JATIMTIMES - Harga sejumlah bahan pokok di Jawa Timur (Jatim) terpantau mengalami lonjakan jelang Ramadan 1446 H. Wakil Gubernur Jatim Emil Elestianto Dardak turun langsung meninjau harga-harga kebutuhan pangan di Pasar Sopoyono, Rungkut, Surabaya, Rabu (26/2/2025).
Emil Dardak menegaskan, Pemprov Jatim segera melakukan operasi pasar murah di sejumlah wilayah. Ini dilakukan guna stabilkan harga bahan pokok, khususnya jelang bulan suci Ramadan.
Baca Juga : Selama Ramadan, Pemkot Malang Pastikan Harga dan Pasokan Bahan Pangan Aman
"Di Pasar Soponyono ini kami menemukan ada kenaikan beberapa bahan pokok. Terutama cabai dari Rp60 ribu naik ke Rp90 ribu dalam seminggu. Ini kenaikan yang harus kita counter, baik melalui operasi pasar murah atau pasokan stok melalui TPID," kata Emil.
Selain cabai rawit, Emil menyebutkan kenaikan juga terjadi pada bahan pokok lainnya seperti Minyak Kita, daging ayam dan telur. Harga daging ayam yang dijual di pasar Soponyono adalah Rp38 ribu, Minyak Kita Rp17 ribu per liter dan telur Rp29 ribu per kg.
"Untuk gula relatif stabil, telur naik Rp1.500 dalam 3 hari, daging sapi relatif stabil, daging ayam dari Rp 35 ribu naik ke Rp38 ribu. Cabai naik signifikan dari Rp60 ribu menjadi Rp90 ribu. Terkait ini kami akan cek ke Pasar Mangga Dua tempat mereka mengambil barang," tambahnya.
Sementara untuk beras, wagub mengaku pasokan beras bulog SPHP masih terbatas di Pasar Soponyono. Harga beras SPHP sendiri adalah Rp62.500 per 5 kg atau Rp12.500 per kg. "Untuk beras, stok yang tersedia dari bulog menurut pedagang perlu di dorong lagi karena kurang tersedia hari ini," ucapnya.

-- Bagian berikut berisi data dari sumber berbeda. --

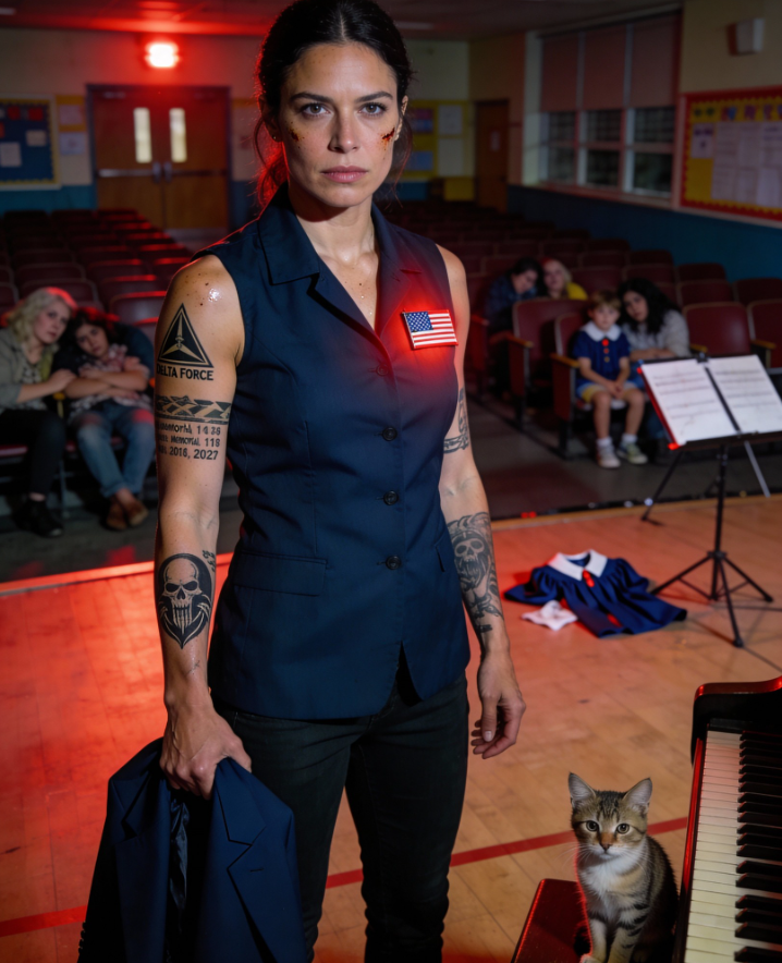 Poprawiłam granatową marynarkę, sprawdzając guziki już trzeci raz. To nie był nerwowy tik. To była kontrola taktyczna. Materiał był gruby, dobrany nie ze względów estetycznych, lecz maskujących. Pod syntetyczną tkaniną kryła się mapa mojego poprzedniego życia — ramiona pokryte tatuażami, które opowiadały historie, w jakie nikt na tej sali by nie uwierzył. Współrzędne stref zrzutu w Syrii. Daty ku pamięci kobiet i mężczyzn, którzy umierali, krzycząc moje imię. Blizny jak poszarpane błyskawice, gdzie odłamki próbowały otworzyć mnie jak suwak.

Baca Juga : PW Ansor Jatim Siap Kelola 45 Ribu Hektare Lahan Produktif untuk Ketahanan Pangan
Dia juga berpesan kepada masyarakat Jatim untuk tidak perlu khawatir dengan kenaikan bahan pokok menjelang bulan suci Ramadhan. Ia memastikan, bahan pokok di Jatim akan segera stabil dan ketersediaan tercukupi.
"Bu Gubernur sudah berpesan agar harga harus kita stabilkan. Saya minta dinas perindustrian dan perdagangan untuk mengupdate lagi situasinya. Secara umum masyarakat jangan khawatir, kami pastikan harga bahan pokok selama Ramadhan akan stabil dan stok aman. Tentu langkah kita melalui operasi pasar murah," serunya.